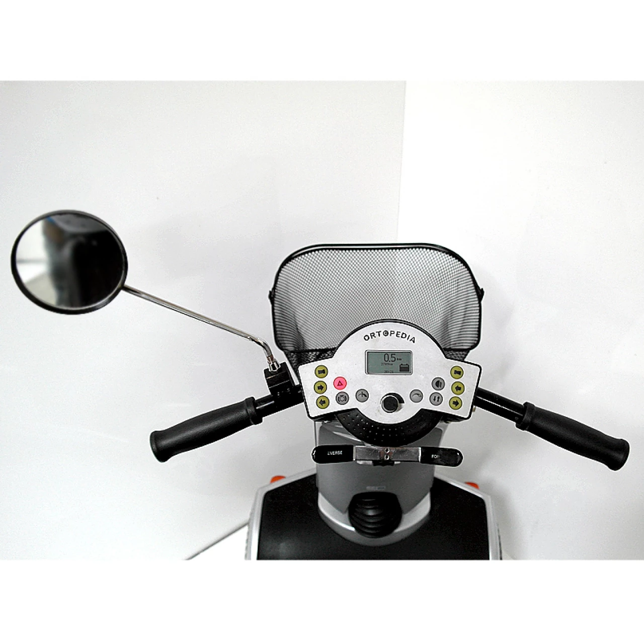 Elektrický skútr je vybaven předními, zadními i směrovými světly, nastavitelnými područky, polohovatelnou zádovou opěrkou a volitelnou opěrkou hlavy. Má přehledný ovládací panel s indikací nabití akumulátorů a spínací skříňkou. Sloupek řízení je plynule polohovací.
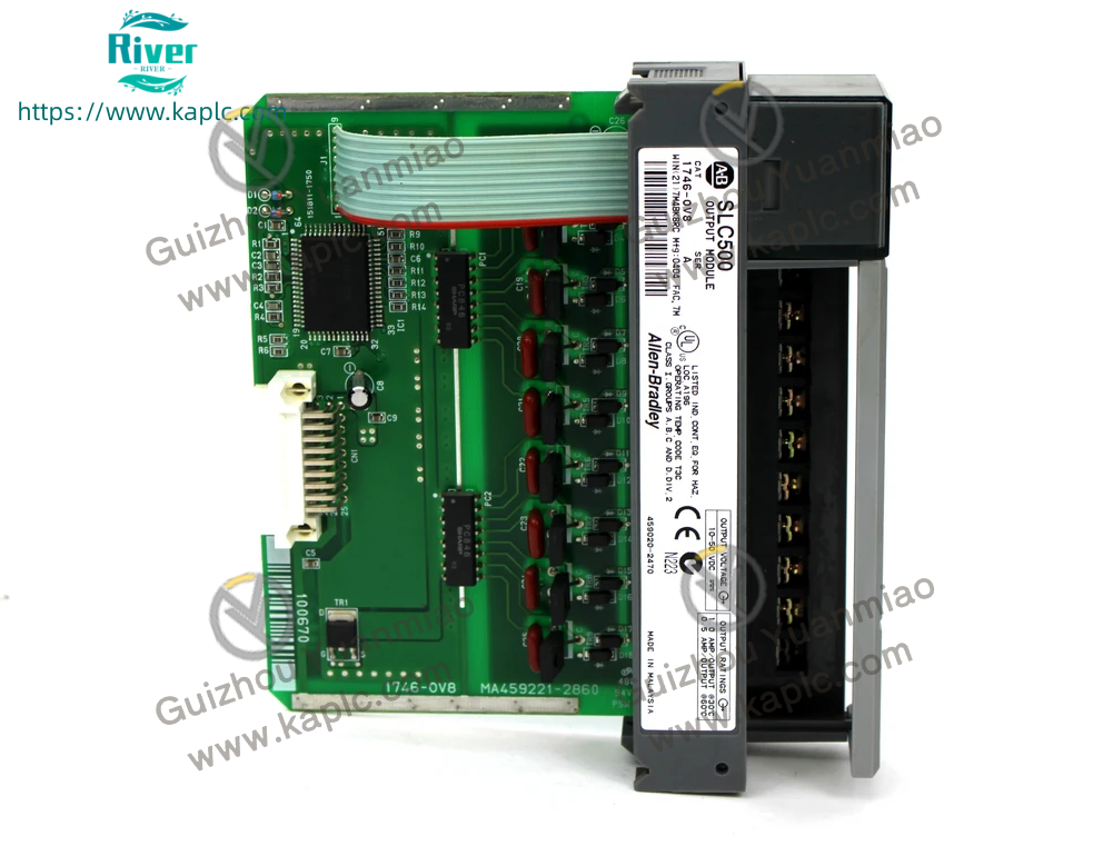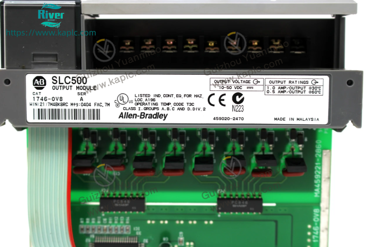 - 1746-OV8 is an 8-point sinking DC output module for Allen-Bradley SLC 500 PLC system.
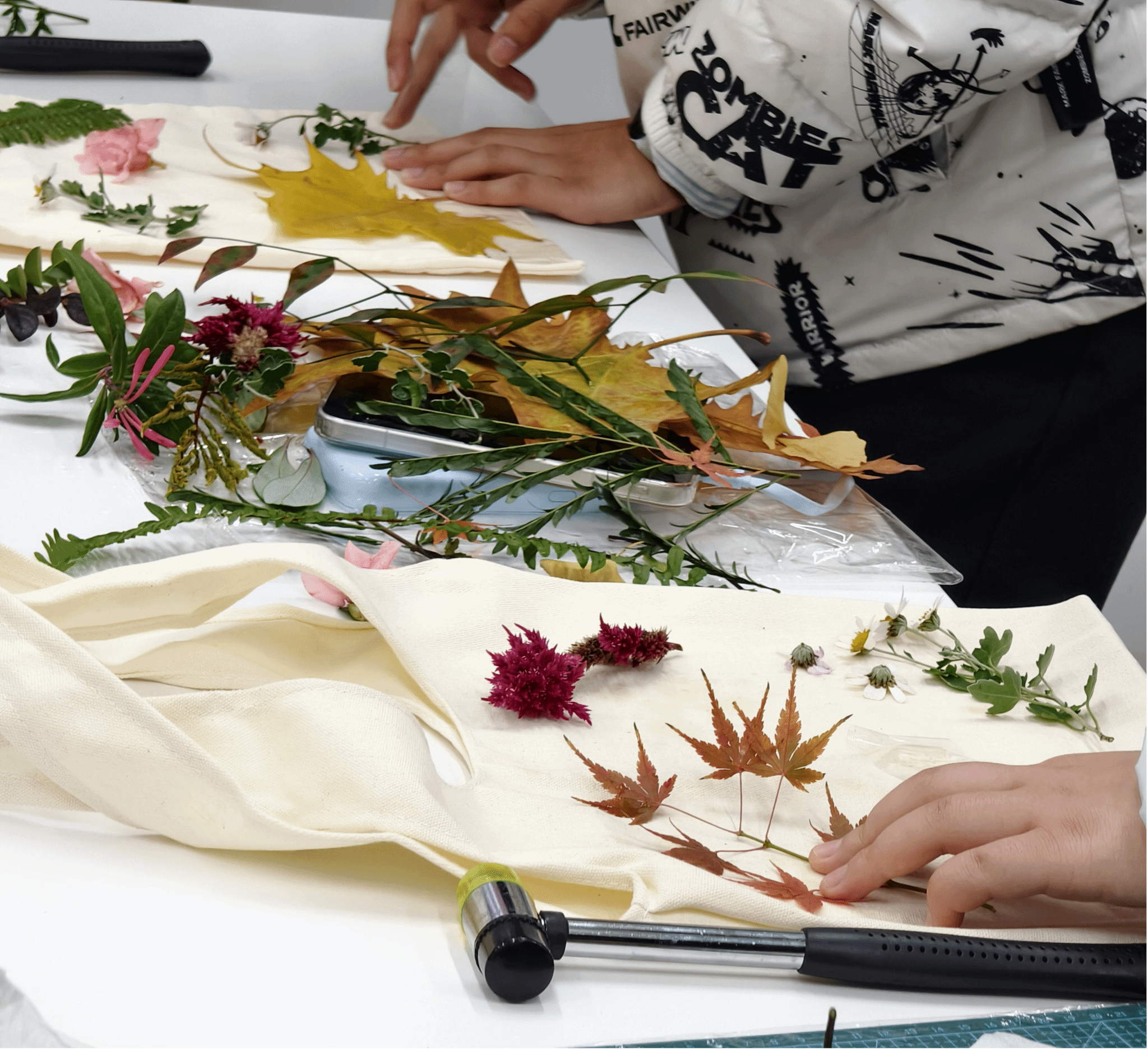 随后进入 “草木留影・拓印手作” 环节。植物拓染技艺借助植物的天然色素,复刻其独特形状,通过敲击将其精准复刻在布艺载体上。活动现场敲击声富有节奏,同学们通过一次次捶打,使植物细胞液中的色素与布料纤维充分融合,实现美感的永久定格。经过实践创作,原本平凡的布艺载体蜕变为承载自然灵气的艺术作品。
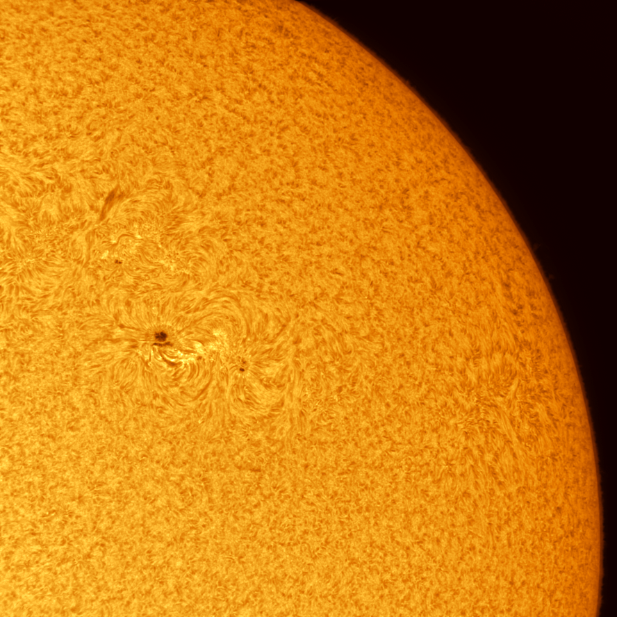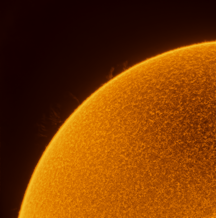 Hola! Te comparto unas imágenes que tomé en este día, utilizando equipo solar apropiado para telescopios, conocido como un filtro de hidrógeno alfa. En estas fotos, podrás ver las manchas solares AR 2835 y AR 2836, y un detalle de varias prominencias visibles en el borde de nuestra estrella. Espero te gusten!
—————
> [DIRECTIONS]
Transcribe the whole of the data exactly, minus any pictures.

> [EXERCISE RESULT]
 Elektrický skútr je vybaven předními, zadními i směrovými světly, nastavitelnými područky, polohovatelnou zádovou opěrkou a volitelnou opěrkou hlavy. Má přehledný ovládací panel s indikací nabití akumulátorů a spínací skříňkou. Sloupek řízení je plynule polohovací.
 - 1746-OV8 is an 8-point sinking DC output module for Allen-Bradley SLC 500 PLC system.
 随后进入 “草木留影・拓印手作” 环节。植物拓染技艺借助植物的天然色素,复刻其独特形状,通过敲击将其精准复刻在布艺载体上。活动现场敲击声富有节奏,同学们通过一次次捶打,使植物细胞液中的色素与布料纤维充分融合,实现美感的永久定格。经过实践创作,原本平凡的布艺载体蜕变为承载自然灵气的艺术作品。
 Hola! Te comparto unas imágenes que tomé en este día, utilizando equipo solar apropiado para telescopios, conocido como un filtro de hidrógeno alfa. En estas fotos, podrás ver las manchas solares AR 2835 y AR 2836, y un detalle de varias prominencias visibles en el borde de nuestra estrella. Espero te gusten!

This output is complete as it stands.